- **SUPPLIED INFORMATION**
=== Begin Enclosure ===

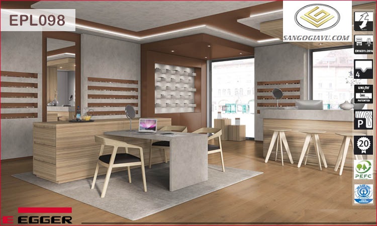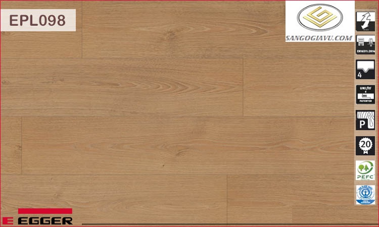 Điểm đặc biệt của EPL098 chính là công nghệ của nó: Một mặt hàng siêu chịu nước có thể ngâm từ 5 – 7 ngày mà không hè cong vênh hay phồng rộp, bề mặt AC4 với khả năng chống mài mòn – trơn tượt – trầy xước giúp sàn gỗ luôn mới.
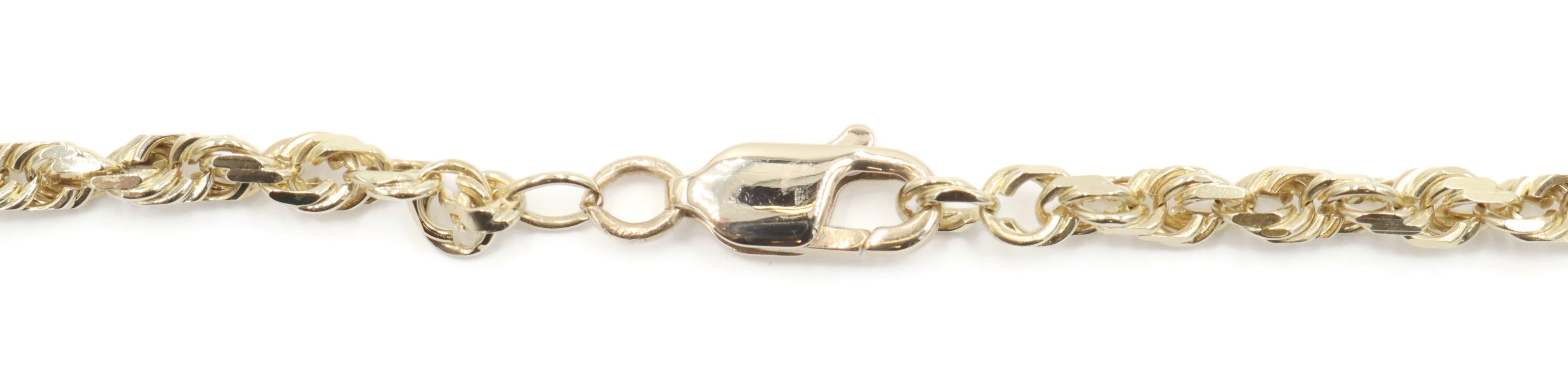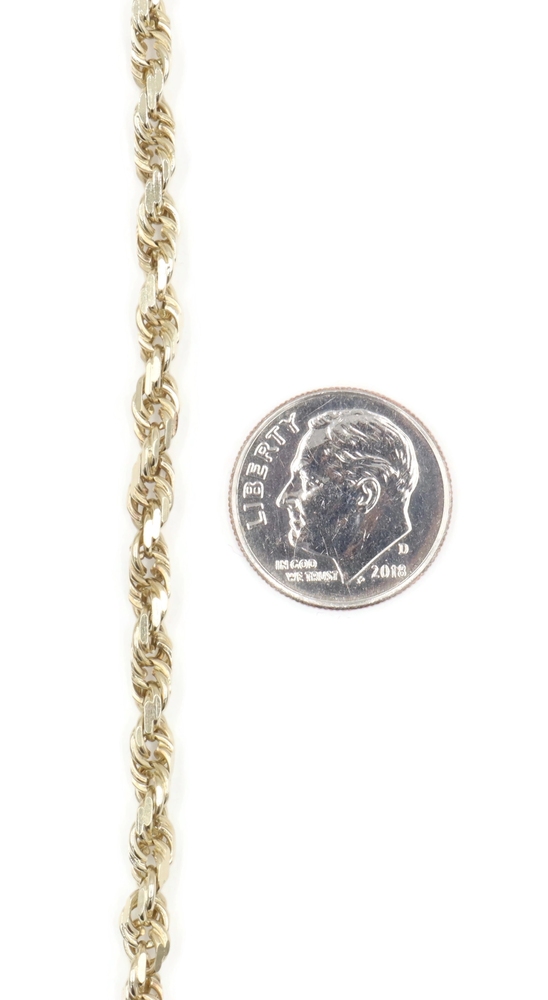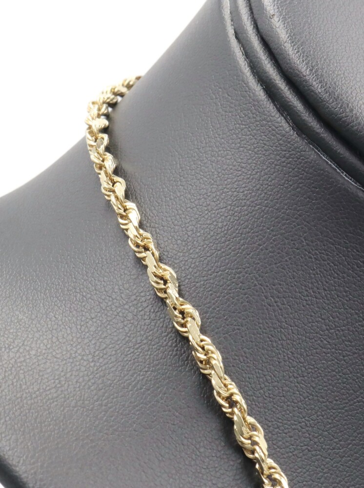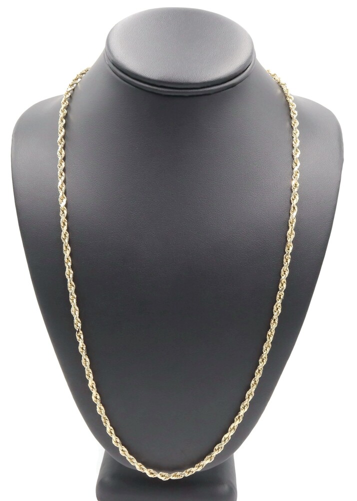 Classic Heavy 10KT Yellow Gold 4mm High Shine Rope Chain Necklace 26" - 23.40g. This necklace is approximately 26 inches in length and 4mm in width.
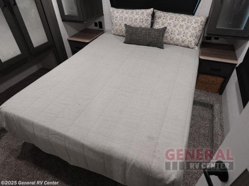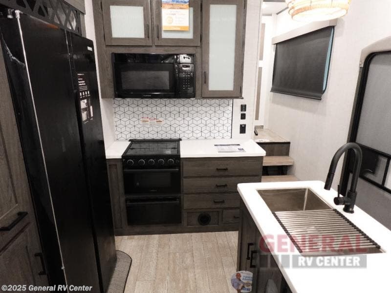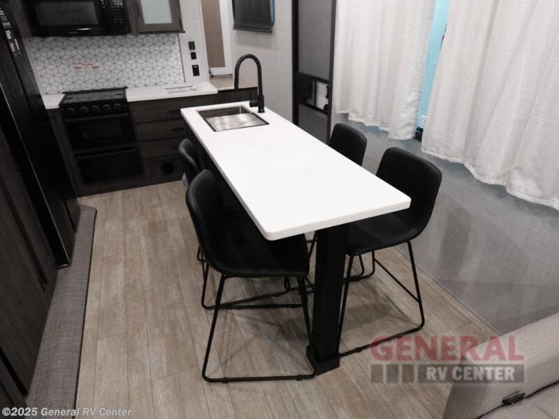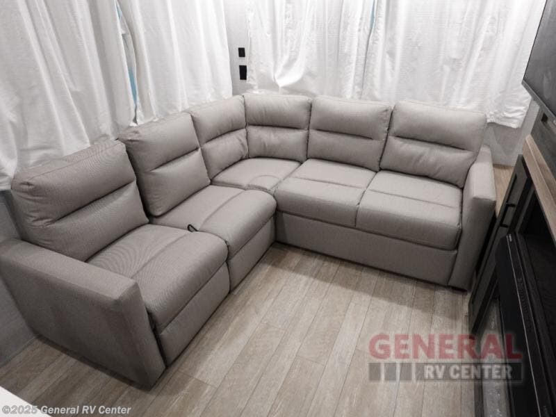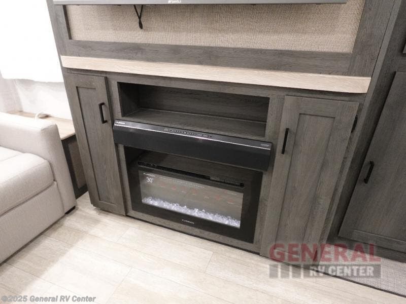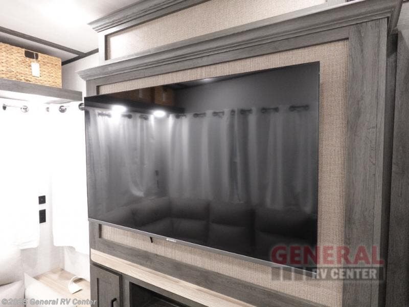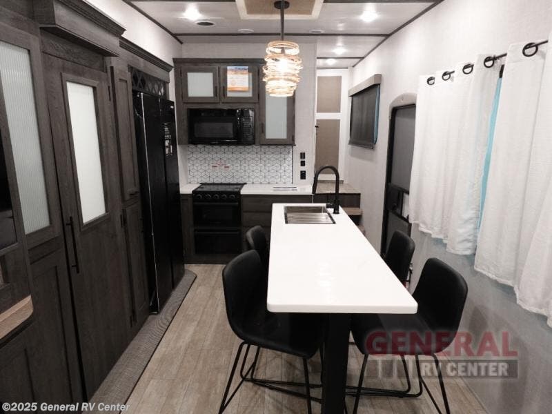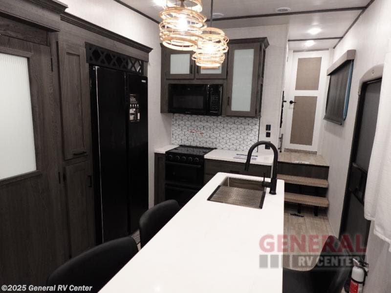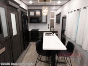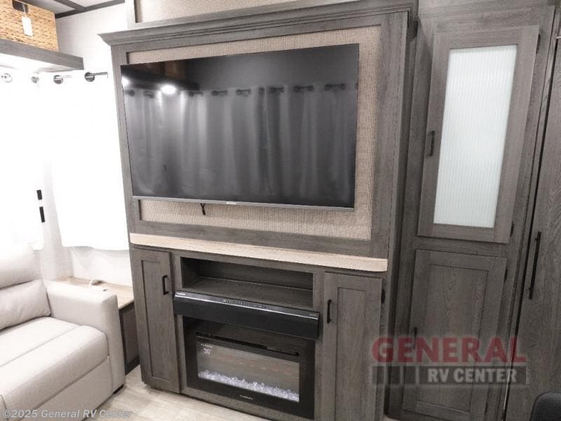 Experience a home away from home with this fifth wheel! The rear sectional sleeper sofa has a theater seating for a relaxing evening by the entertainment center with a 55" TV. Next to the entertainment center is a hidden door with cabinets and 16 cu. ft. 12V refrigerator, and above it is a 36" x 74" flip-down bunk and pad below it all housed within a slide. The kitchen has plenty of countertop space to prepare your best home cooked meals and an island with four bar stools to enjoy your meals. As you walk up the floating steps, you will notice the full bathroom to your left with a walk-in shower with a skylight for added natural lighting. The front private bedroom has a queen bed with Versa Tilt technology, wardrobes on either side and a wardrobe slide, plus there is a closet that is prepped for a washer and dryer!

=== End Enclosure ===

- **ASSIGNED TASK**
Your response must consist of the lines from the beginning of the data through the line containing "Classic Heavy 10KT", transcribed exactly, with no pictures.

- **WRITTEN ANSWER**
 Điểm đặc biệt của EPL098 chính là công nghệ của nó: Một mặt hàng siêu chịu nước có thể ngâm từ 5 – 7 ngày mà không hè cong vênh hay phồng rộp, bề mặt AC4 với khả năng chống mài mòn – trơn tượt – trầy xước giúp sàn gỗ luôn mới.
 Classic Heavy 10KT Yellow Gold 4mm High Shine Rope Chain Necklace 26" - 23.40g. This necklace is approximately 26 inches in length and 4mm in width.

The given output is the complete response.